**TASK STATEMENT**
Copy everything in the data below exactly except the pictures.

**DATA BELOW**

════════════════

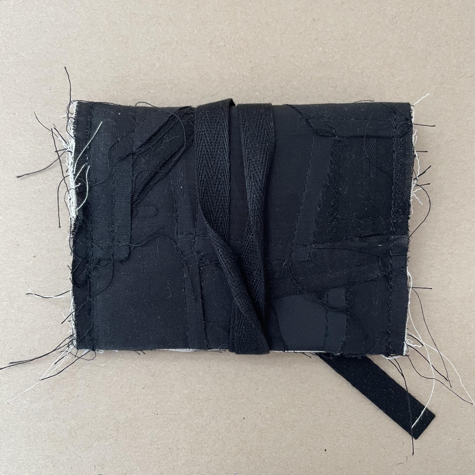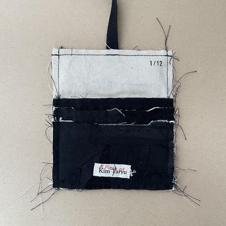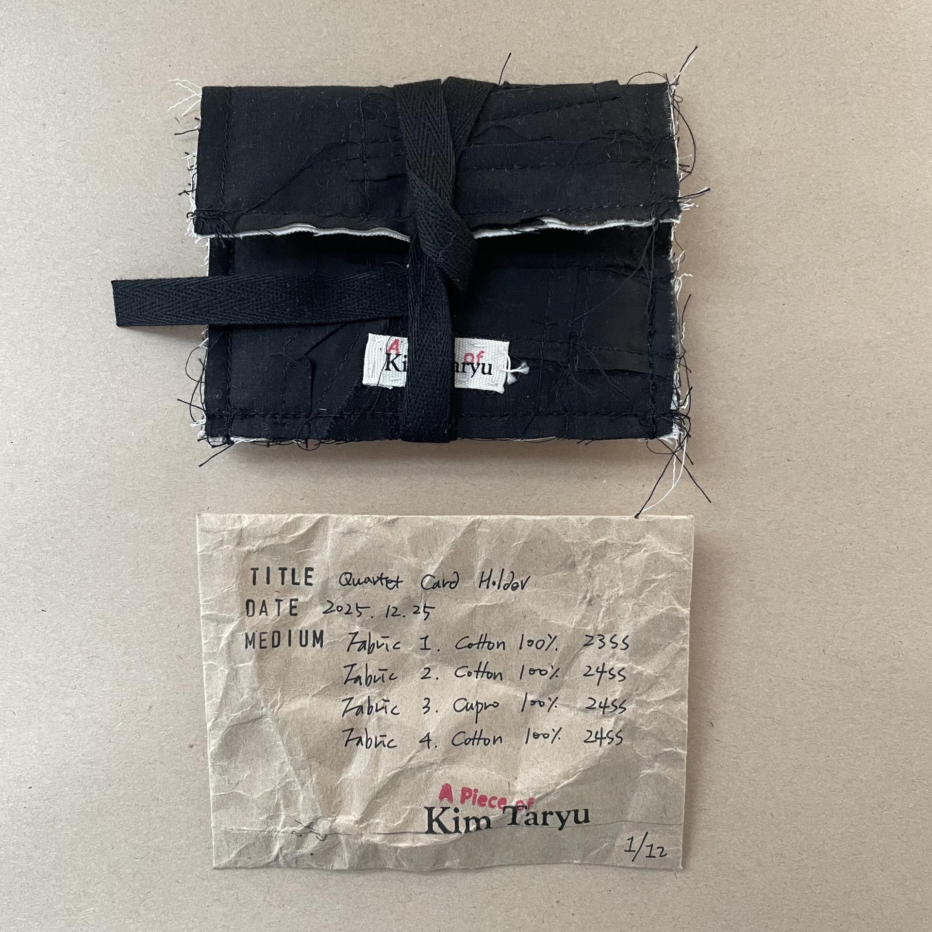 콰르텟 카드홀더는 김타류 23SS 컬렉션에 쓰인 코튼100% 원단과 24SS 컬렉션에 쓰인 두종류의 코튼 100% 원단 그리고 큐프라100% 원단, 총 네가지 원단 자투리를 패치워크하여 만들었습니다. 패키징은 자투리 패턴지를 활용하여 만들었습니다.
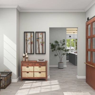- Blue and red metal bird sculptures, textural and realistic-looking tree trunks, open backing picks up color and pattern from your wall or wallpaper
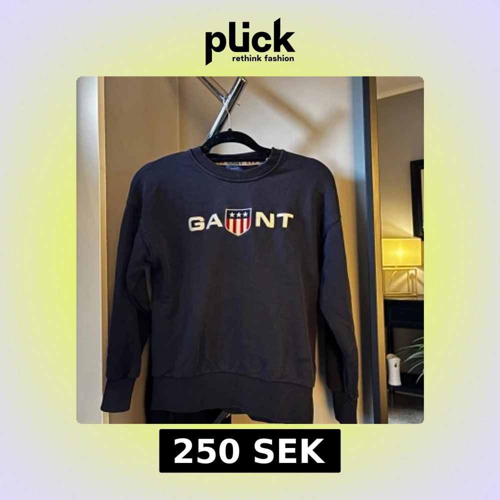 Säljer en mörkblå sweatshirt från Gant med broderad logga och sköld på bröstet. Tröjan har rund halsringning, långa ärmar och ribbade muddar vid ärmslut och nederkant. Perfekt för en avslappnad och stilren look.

════════════════

**PROBLEM SOLUTION**
 콰르텟 카드홀더는 김타류 23SS 컬렉션에 쓰인 코튼100% 원단과 24SS 컬렉션에 쓰인 두종류의 코튼 100% 원단 그리고 큐프라100% 원단, 총 네가지 원단 자투리를 패치워크하여 만들었습니다. 패키징은 자투리 패턴지를 활용하여 만들었습니다.
- Blue and red metal bird sculptures, textural and realistic-looking tree trunks, open backing picks up color and pattern from your wall or wallpaper
 Säljer en mörkblå sweatshirt från Gant med broderad logga och sköld på bröstet. Tröjan har rund halsringning, långa ärmar och ribbade muddar vid ärmslut och nederkant. Perfekt för en avslappnad och stilren look.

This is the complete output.